Dataset extract: Begin

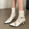 Nuevos Botines de Tobillo Cortos de Tacón Alto con Remaches Puntiagudos de Temperamento Otoño/Invierno Botas de Mujer 2025 Retro Slip-on Tacón Grueso Botas de Caballero
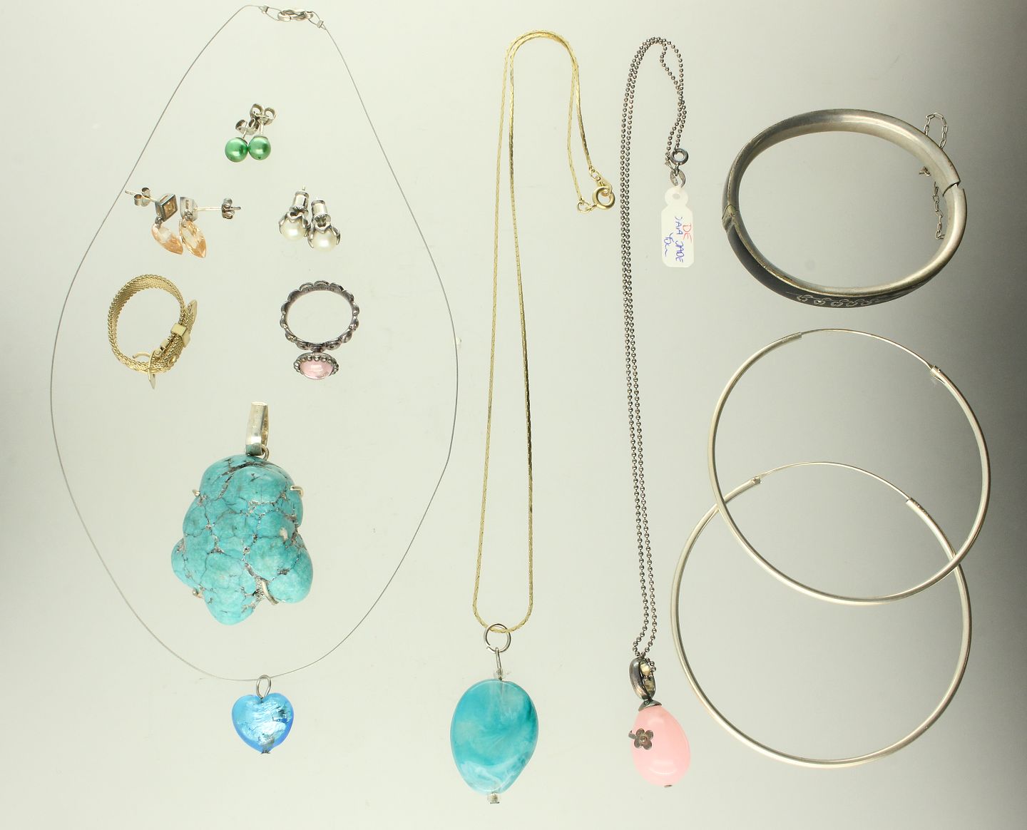 Samt tre par ørestikker, en armring, tre halskæder inkl. vedhæng samt en ring.
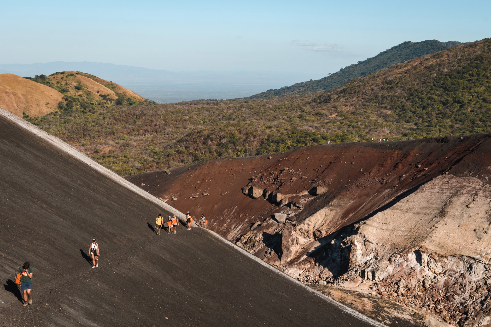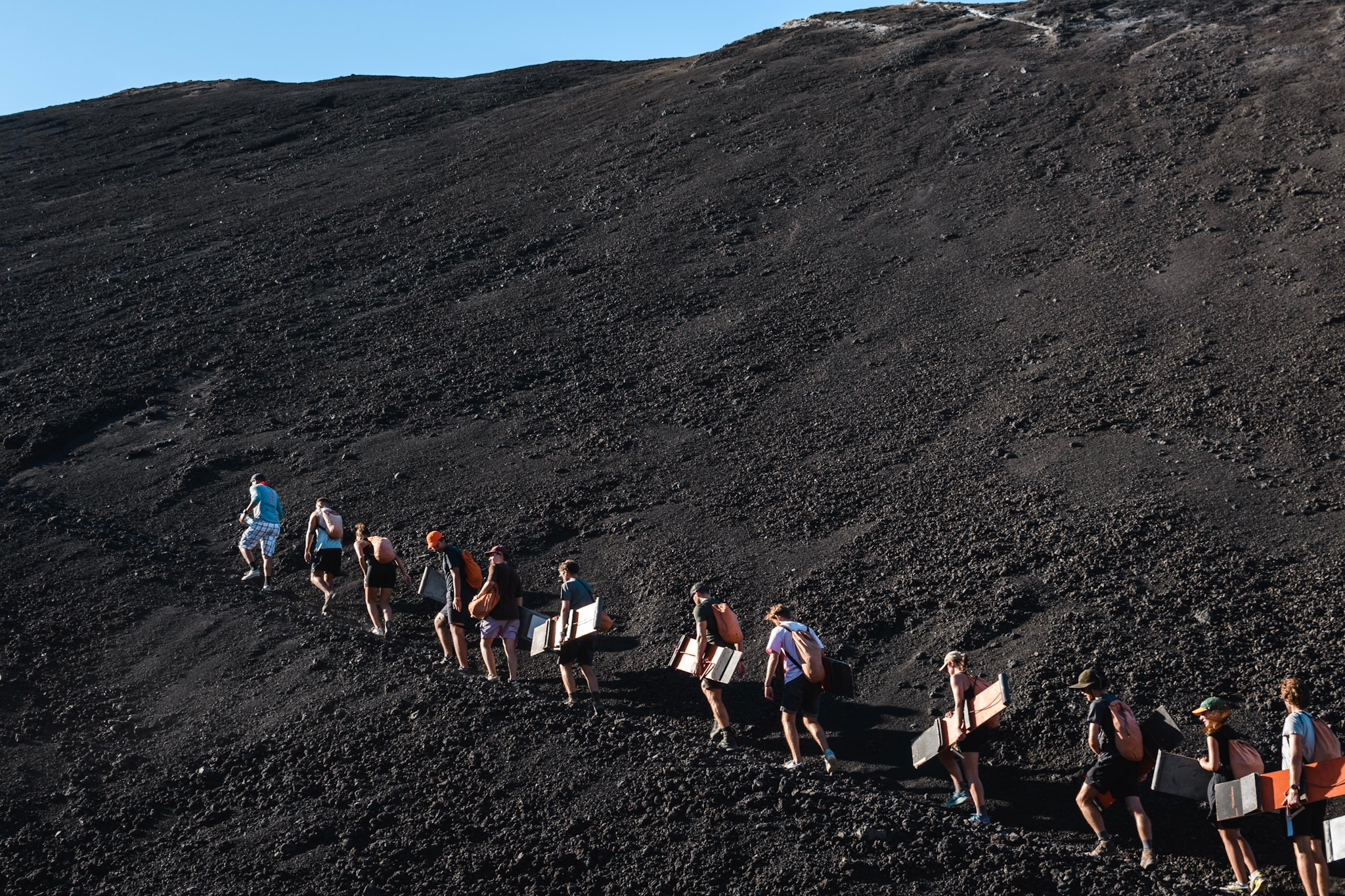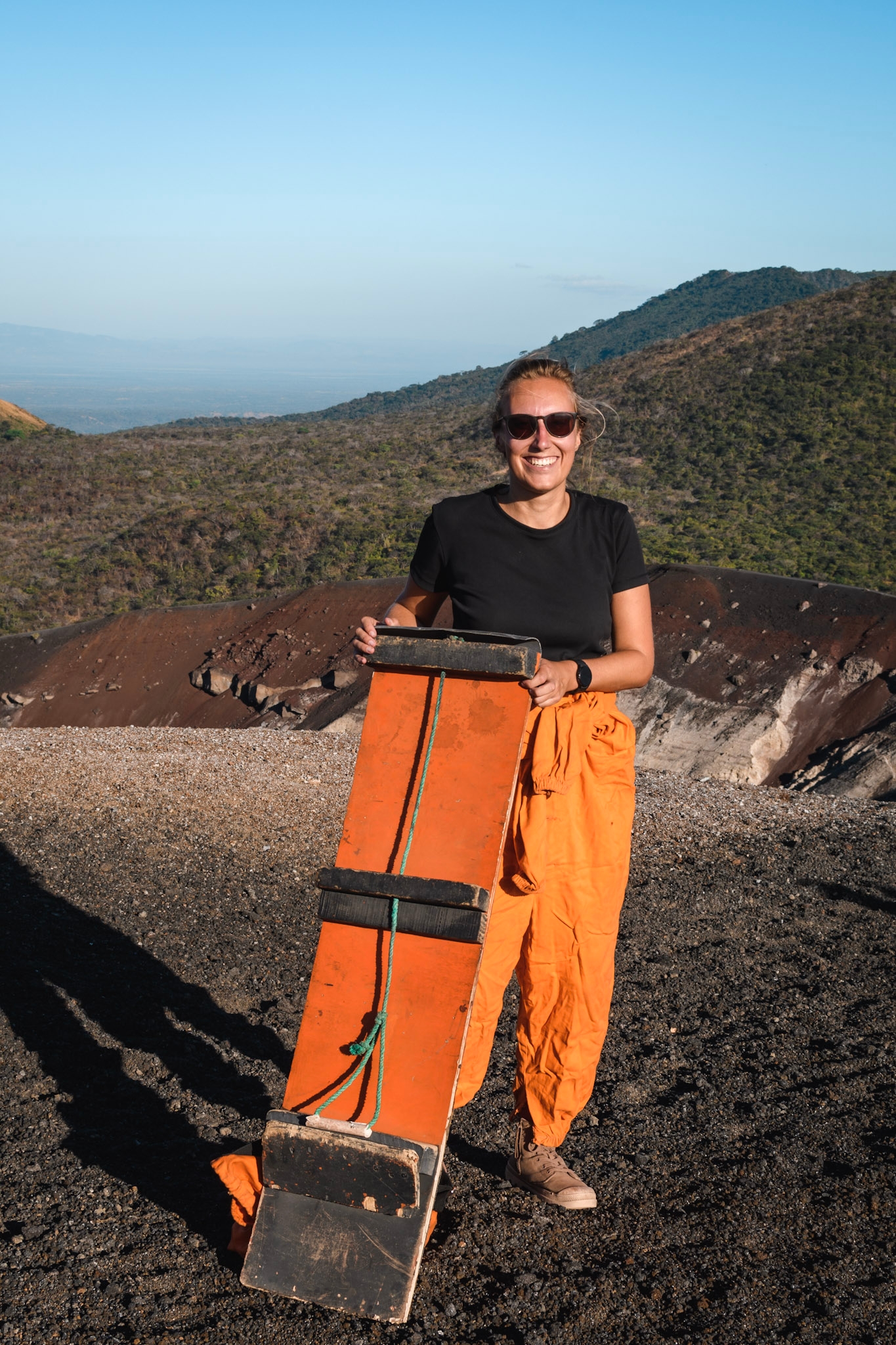 Pendant une heure, on grimpe le volcan Cerro Negro, le plus actif et la plus jeune du Nicaragua (le deuxième plus jeune au monde). En haut, on s’équipe, on fait quelques photos et on se prépare pour la descente. C’est un des seuls endroits au monde où on peut faire de la luge sur un volcan. C’est un australien qui a eu l’idée de descendre le volcan et il a testé plusieurs méthodes pour le faire, notamment une porte de frigo. Ce sont maintenant des planches de bois équipées de métal et de formica qui sont utilisées. Le record de vitesse est de plus de 100km/h.

Dataset extract: End

What you write must match, line for line, the lines from the one with "Samt tre par" through the last line of the data above, minus the pictures.

 Samt tre par ørestikker, en armring, tre halskæder inkl. vedhæng samt en ring.
 Pendant une heure, on grimpe le volcan Cerro Negro, le plus actif et la plus jeune du Nicaragua (le deuxième plus jeune au monde). En haut, on s’équipe, on fait quelques photos et on se prépare pour la descente. C’est un des seuls endroits au monde où on peut faire de la luge sur un volcan. C’est un australien qui a eu l’idée de descendre le volcan et il a testé plusieurs méthodes pour le faire, notamment une porte de frigo. Ce sont maintenant des planches de bois équipées de métal et de formica qui sont utilisées. Le record de vitesse est de plus de 100km/h.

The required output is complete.